Но я быстро рос и уже через полгода смог перебрасывать
ногу через эту чёртову раму. Правда, при езде я всё равно
вынужден был, словно куль, переваливаться с одной стороны
велосипеда на другую, но это был несомненный прогресс.

Велосипед-то был для взрослых!

- Нет денег, - сказали родители, когда я объявил, что ездить уже умею.

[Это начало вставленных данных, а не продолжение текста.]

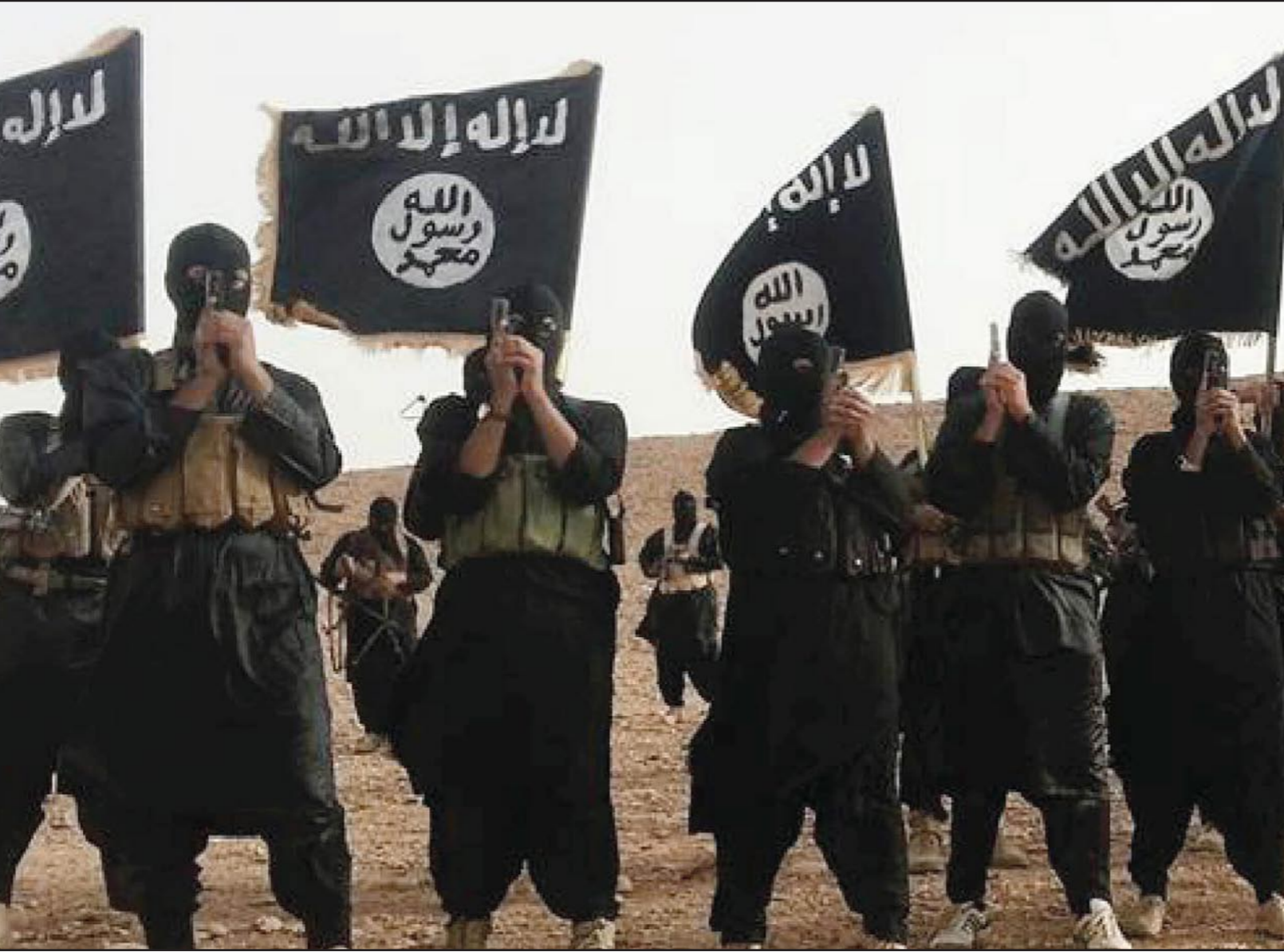
عرض عسكري لعدد من مقاتلي تنظيم الدولة الإسلامية داعش

أخطر التنظيمات الجهادية منذ ظهور تنظيم القاعدة. وأشارت الصحيفة لزيارة وزير الخارجية السوري وليد المعلم واجتماعه مع الرئيس الروسي فلاديمير بوتين في سوتشي يوم الأربعاء. وتعتقد الصحيفة أن مفتاح حل الأزمة السورية في موسكو، فبوتين الذي ظل يؤكد على أهمية الاستقرار في المنطقة تعامى عن واقع أصبح فيه الأسد عدو الاستقرار الأول في الشرق الأوسط. وعليه وفي حالة غير بوتين من موقفه ومارس ضغوطه وأكد على التزام الأسد بالمبادرة الدولية الجديدة التي تقدم بها معونات الأمم المتحدة يستيفان دي ميستورا إلى سوريا والتي اقترح فيها «تجميد» الحرب واعد اتفاقيات وقف إطلاق النار محلية تبدأ من مدينة حلب فيسفيخر مسار الأزمة. وترى الصحيفة أن تغيراً في موقف روسيا سيوجه ضربة قوية لتنظيم داعش. لكن المشكلة تظل في فهم «داعش» والقضاء على فكره، فهو كما يقول ديفيد كيلكن، المستشار السابق لوزير الخارجية الأمريكي في الجنرال المتقاعد ديفيد بترايوس «يجب أن تظهر لداعش كمشروع ببناء دولة»، وقال إن «هؤلاء الأشخاص يحاولون بناء دولة»، حسبما نقل عنه موقع «ديفيس وان». وأشار الموقع لآزمة واشنطن مع المعارضة وكيف أنها تخسر المعارضة هناك وفي هذا أضاف كيلكن: «سوريا مشكلة سياسية لا تملك إجابة عنها».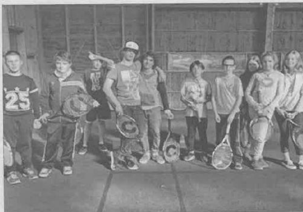
Un groupe de jeunes en activité tennis lors des dernières vacances.

À noter que pour les plus sportifs, trois jours de stage sont organisés les 20, 21 et 22 février par la structure de Castelnau autour de la boxe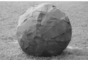
Kunstwerke von Noah Bischof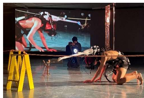
8. 『A Garden of Prosthesis』 EASTEAST_TOKYO, 2023

人間を中心とした世界を反転させ、他物のためにある人間の肉体についての可能性を考えるパフォーマンス。この《庭》では、人工物、自然物、肉体が等価に存在し、《庭師》たちによってそれぞれが互いに《接木》され、侵犯し合う。それぞれのオブジェクトは、互いが互いを義肢とし、やがて人間さえも植物や機械の義肢となることで、オブジェクト同士の関係は氾濫し、この人間社会において定義づけられた機能や存在意義を逸脱した可能性のキメラとして癒着する。そして、それらが矛盾しながら調整しあうことで共存し、その《庭》は造られ続ける。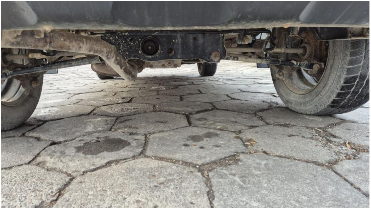
Fot. 27 Spód pojazdu tył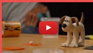
Tutoriel vidéo Apprendre à modeler Gromit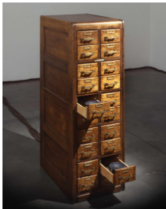
adk_Cardiff_Miller_Cabinet_of_Curiousness.jpg Janet Cardiff & George Bures Miller The Cabinet of Curiousness, 2010

Mixed-Media-Installation mit elektronisch gesteuerter Robotertechnik und Ton, 4:40 Min. 300 × 400 × 250 cm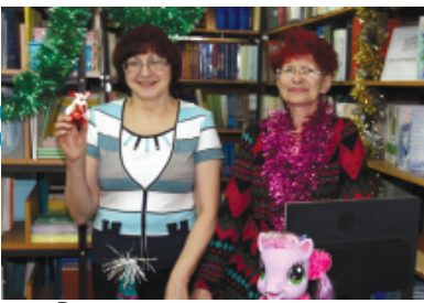
В читальном зале второго корпуса - третье место в новогоднем оформительском конкурсе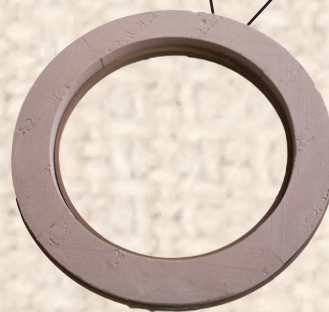
OASIS® NATUREBASE® BIO Ring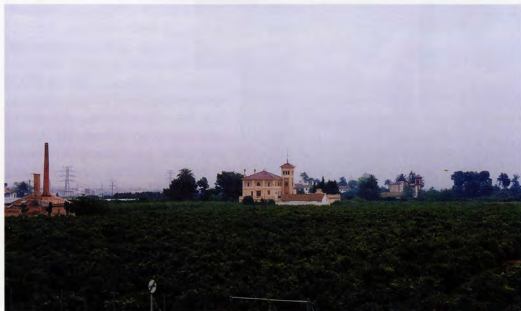
Panoràmica dels horts. D'esquerra a dreta: Motor de l'hort de Lis, hort de Lis i hort de Coll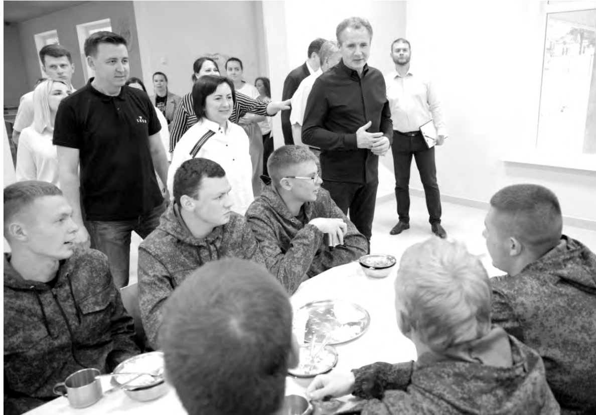
В минувшую пятницу в «АРМАТЕ» побывал Вячеслав Гладков.

Слева от полосы препятствий планируется создать взводный опорный пункт, как на передовой, рассказывает Юрий Васильевич. Рыть окопы и строить блиндаж будут сами ребята. Мы идём вглубь лагеря. Начальник смены подробно рассказывает о каждом объекте на территории — вот штабная палатка, изолятор, в который помещают приболевшего участника, с последующим отправлением в больницу или домой, здесь медпункт, где в случае необходимости оказывается первая помощь, палатки, оборудованные двуспальными кроватями, в которых живут ребята. Обращаю внимание на парня, который стоит около одной из них. Интересуюсь, чем он занят. Студент второго курса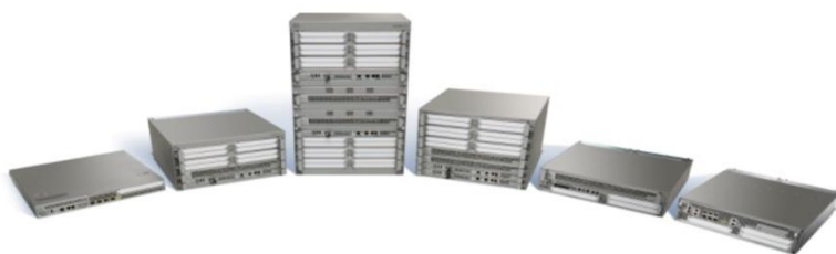
图 1. Cisco ASR 1000 系列聚合服务路由器

与前几代的思科中端路由解决方案相比，Cisco ASR 1000 系列将服务运行性能提高了 10 倍以上，从而显著提升了价值 此外，该系列路由器具有硬件和软件冗余功能，并采用行业领先的低中断设计。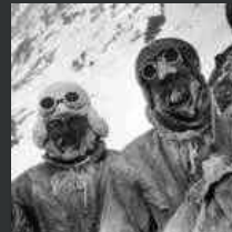
k2, 60 anni dopo: a Udine una mostra per celebrare la storica impresa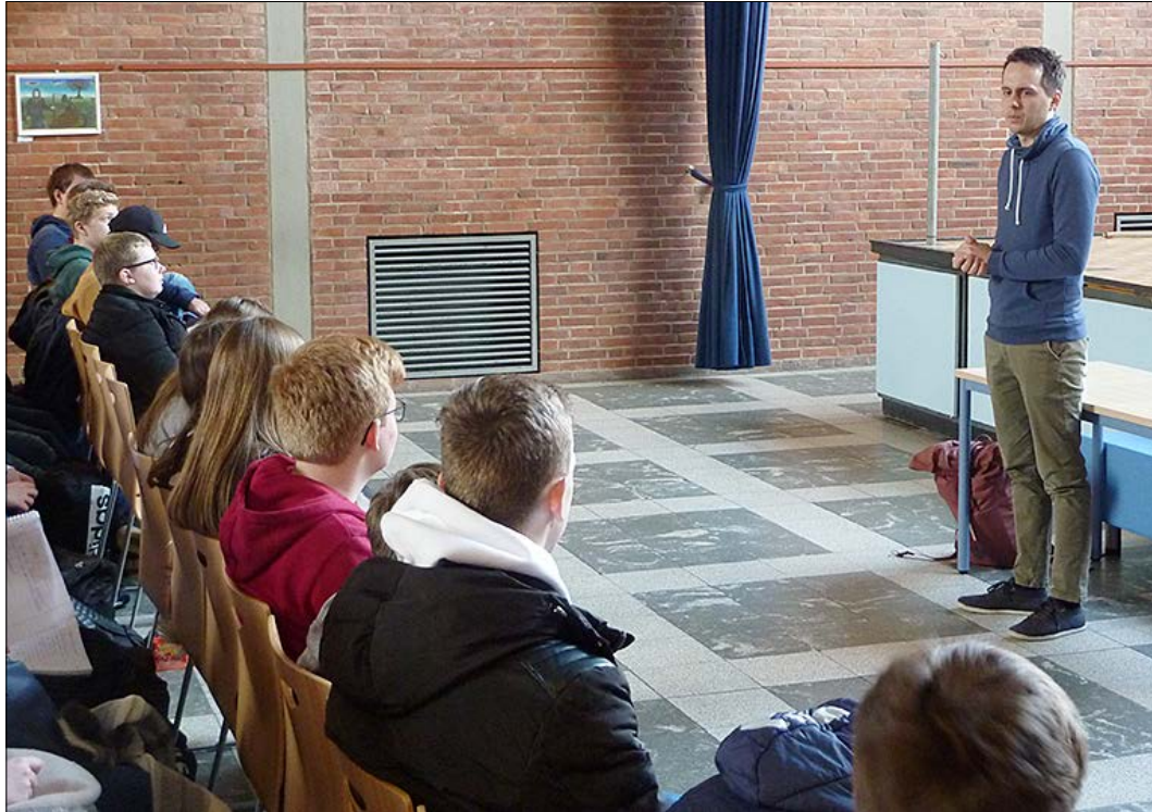
Bundestagsabgeordneter Sven-Christian Kindler (Grüne) stellte sich den Fragen der Schülerinnen und Schüler des Gymnasiums Munster.

Kindler (Grüne) zu Gast an Gymnasium Munster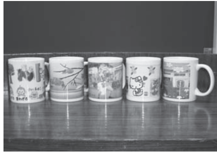
今は亡き母との思いが詰まった作品や季節感たっぷりの作品もありました。

どこの教室でも共通の話題となっていました。会員の皆さんが複数参加される行事は今年度はこれが初めてで、それぞれが「お元気が良かったか?」が最初の挨拶で旧交を深めておりました。帯広教室ではアイデア豊かに個性豊かな作品が多かったです。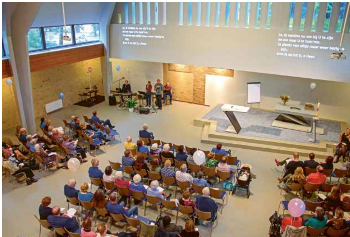
'Visuele rust om in godgerichtheid te komen', dat is wat een bezoeker van de herbouwde Pax Christikerk moet ervaren.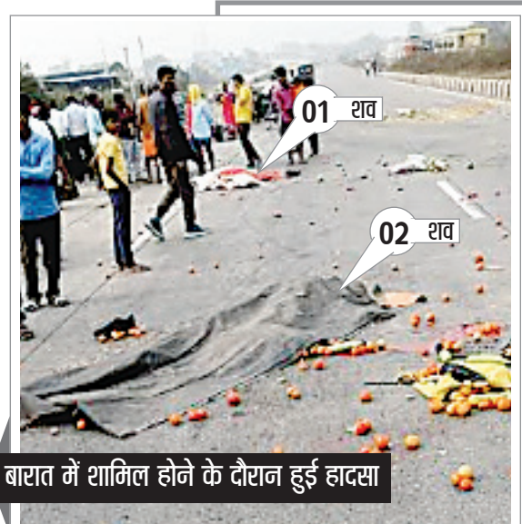
बारात में शामिल होने के दौरान हुई हादसा

टोपो विभिन्न कोषांगों के वरीय अधिकारियों सहित अन्य उपस्थित थे। साथ ही रामगढ़ महाविद्यालय रामगढ़ में पोलिंग पार्टियों के लिए विभिन्न सुविधाएं यथा भंडिकल टीम, हेल्प डेस्क सहित अन्य सुविधाएं उपलब्ध रही। ईवीएम जमा करने का कार्य पूर्ण होने के उपरांत बज्रगृह को सील किया गया। गौरतलब है की विधानसभा आम निर्वाचन 2024 के तहत 22 बड़कागांव एवं 23 रामगढ़ में हुए मतदान को लेकर मतगणना 23 नवंबर 2024 को रामगढ़ महाविद्यालय रामगढ़ में बनाए गए मतगणना केंद्र में प्रातः 8:00 बजे से शुरू होगी।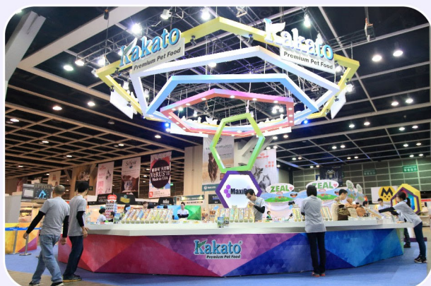
20 Booths (展位)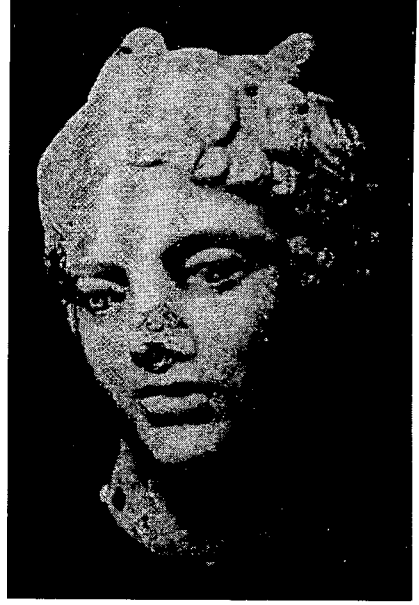
Resim 4. AFYONKARAHISAR Museum Inv. 4460. Aus Çavdarlıhisar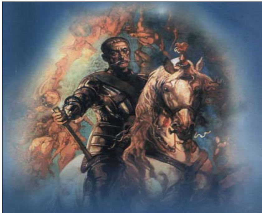
Іван Мазепа - титульна композиція до серії Сергія Якутовича "Мазепіана"

Після розорення Батурина резиденцію лівобережних гетьманів за указом царя Петра I було перенесено до Глухова. В 1718 році в цьому самому Глухові трапилася така історія.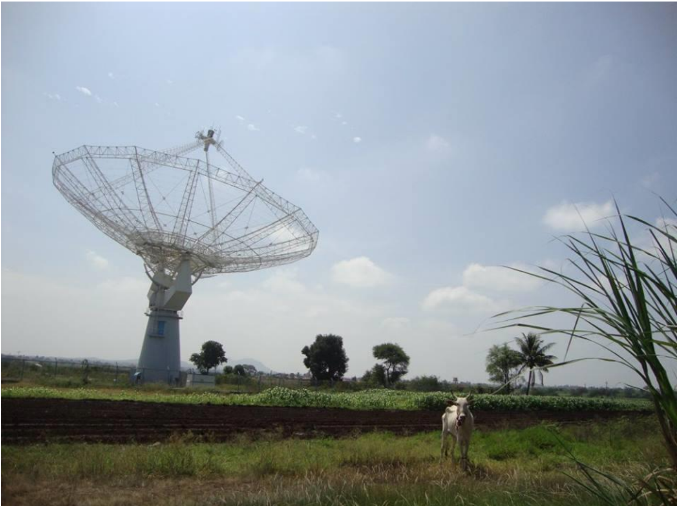
Ilustración 1: Antena más alejada de GMRT. Se puede observar el mallado de acero.

Su construcción se planeó de forma tal que el costo y el peso de cada antena sea bajo. Es por eso que los discos parabólicos de las antenas no son sólidos sino que poseen un mallado de acero con un grillado de 10 \times 10 \text{ mm}^2 en la parte central y 20 \times 20 \text{ mm}^2 en la parte externa (ver ilustración 1). El lugar no fue elegido al azar; se consideró que la interferencia producida por el hombre en la banda de radio sea baja, que exista una buena disponibilidad en las comunicaciones, y, un hecho importante es que la latitud geográfica sea lo suficientemente al norte del ecuador magnético para que la ionósfera sea estable. La latitud a la que se encuentra no sólo permite observar el hemisferio norte sino también una gran porción del hemisferio sur.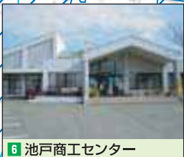
6 池戸商工センター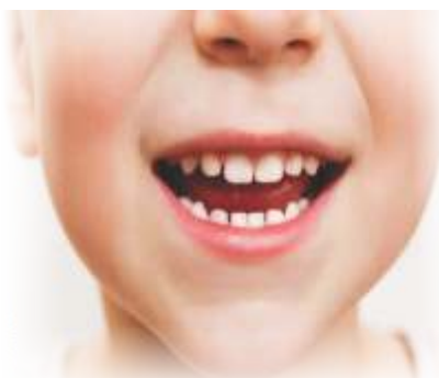
Mouth / मुँह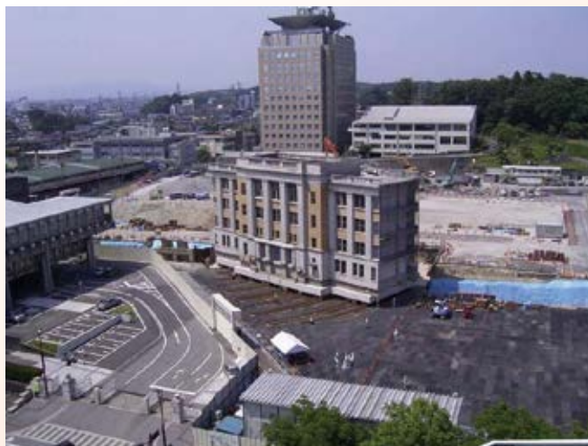
H17.5 旧県庁舎本館移築 (曳家)工事竣工 (宇都宮市)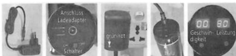
nabíjecí adaptér zadní strana masážního přístroje obr. 1 obr. 2 obr. 3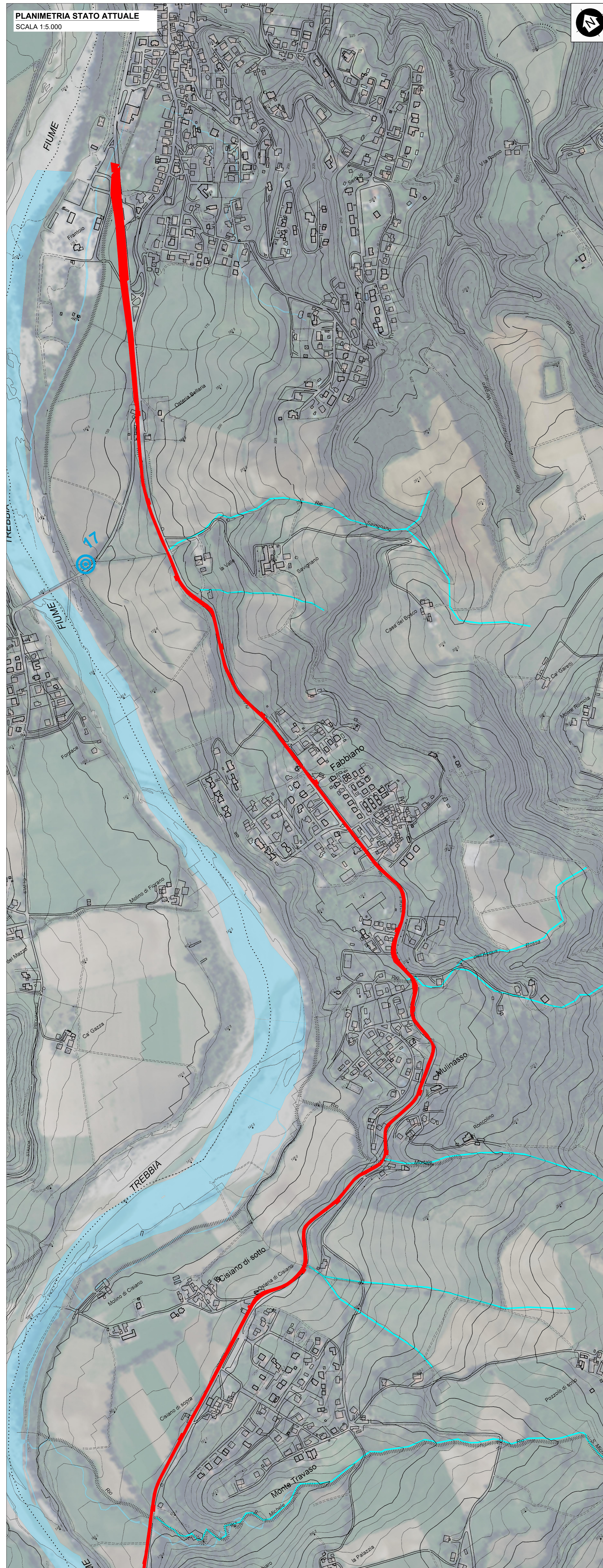
PLANIMETRIA STATO ATTUALE SCALA 1:5.000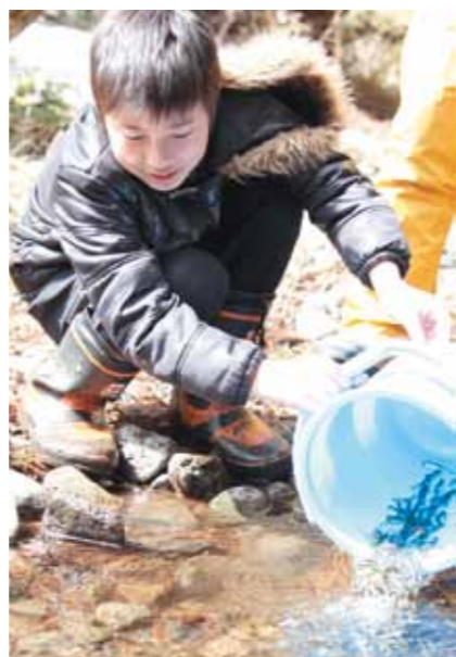
優しく放流する児童（泊小）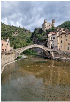
Bilde fra San Remo.

Kveldens middag på en lokal restaurant i nærheten av hotellet ble en liten nedtur. Det ble veldig lenge å vente på maten, det gikk en god time før første rett ble servert og det gikk ikke fortere med resten heller.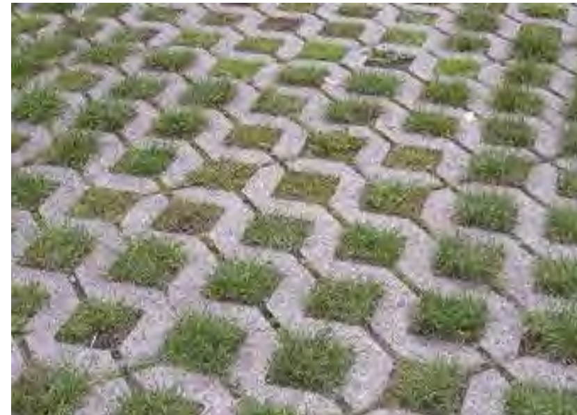
Dalles de béton alvéolées

http://www.rtl.fr/actu/conso/comment-mettre-en-place-des-pas-japonais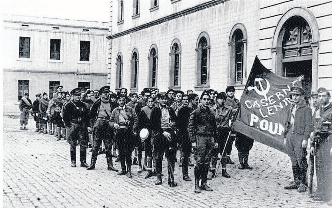
George Orwell, al fondo, el más alto de todos, en el cuartel Lenin.

Una de las cosas que más emoción me produce es la reivindicación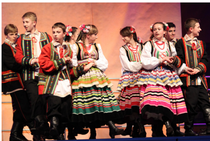
Grupa młodsza „DEBIAN” podczas Suity Tańców Lubelskich

Я, как очумелый, бегал по лесу с вёдрами, собирая кизил и сливы,
затем продавал всё это отдыхающим, которые ехали с юга на север.
Я заработал сто рублей. Этого должно было хватить на хороший гоночник
или на три "Орлёнка". И вот тогда мне стали говорить, какая у нас
опасная дорога. Напрасно я клялся, что буду ездить только по горке
или по школьному двору. Нет - и всё.

Итак, мои родители не хотели покупать велосипед.
Не суждено мне было на нём кататься.

Но, сказать честно, я думал про другое.

Мне казалось, что, если бы у меня был велосипед, то Аня согласилась
бы, чтобы я её прокатил. Так, как это делал Витька. Аня садилась прямо
на раму Витькиного велика, и он гордо катал её по школьному двору.

Витька был таким взрослым! Он был старше меня на целых два года.

Он трогал девчонок за грудь, а они при этом как-то глупо хихикали,
и не давали ему по физиономии, как дала мне Любка, когда я однажды
попытался сделать тоже самое.

Ощущение от прикосновения к её тугой, упругой груди
навсегда вселило беспокойство в мои пальцы и душу.

Витька, вместо приветствия хлопал девчонок по попкам,
а те радостно взвизгивали и нисколько не возмущались.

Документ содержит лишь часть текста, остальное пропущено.